In the 2018 FY national defense budget passed by the American Senate, there is $60 billion of Overseas Contingency Operations distribution, which will be used for America's operations in countries such as Afghanistan, Iraq and Syria.
US Secretary of Defense James Mattis confirmed on Sept 18 that the US will send more troops to Afghanistan, and American media reported 4,000-5,000 additional troops will be dispatched, driving America's total troops there to 14,500.
Trump sending more troops to Afghanistan is just like Obama sending more troops to Iraq years ago. They both want to stabilize the situation first and then withdraw the troops when things are stable in the host country.
Obama's plan then was basically successful, but will Trump's plan succeed too this time? This author isn't optimistic.

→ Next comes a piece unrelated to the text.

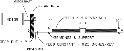 The ball screw spindle has a thread pitch of 0.25 inch per drive shaft revolution. The FeedConstant is therefore 0.25 and defines the units as inches.

The Taliban that Trump has to deal with today in Afghanistan is widely different from the al-Qaeda that Obama dealt with in Iraq.
Al-Qaeda launched terrorist attacks mainly by way of roadside bombs and human bombs to attack American troops and the Iraqi government. They were on the run, but the Taliban faced by Trump is an organized and armed regional regime that controls certain areas.
When Obama attacked al-Qaeda, his main methods were controlling key spots, weaving a net, baiting the enemy and defeating them gradually. Sending more troops could make the "net" denser, so much so that it was impossible for the terrorists and terrorist groups to "flee".
But the Taliban in Afghanistan today can either steal into big cities like Kabul to launch terrorist attacks or retreat to the northern areas under their control, or carry out guerrilla combat in the northern mountainous areas, where they can last a long time based on the complicated terrain.
The American military boasts substantial advantages in equipment and technology, but that's basically useless in the northern mountainous areas of Afghanistan, and assigning shock troops there would be giving up its own strength and revealing its weakness.
The US special operations forces once carried out Operation Anaconda, which put the forces in serious danger and paid a high price for very little effect.
Sending thousands of troops may be helpful for improving public security in the city and preventing the Taliban from stealing into big cities, but it won't be very effective for eradicating the Taliban regime and organization that occupy the north.
Once the American troops are withdrawn, the situation will get out of control again.
Therefore, the 10 percent increase in the military budget is just an appetizer for the money-guzzling American military. Whether it can help maintain America's global hegemony is highly doubtful.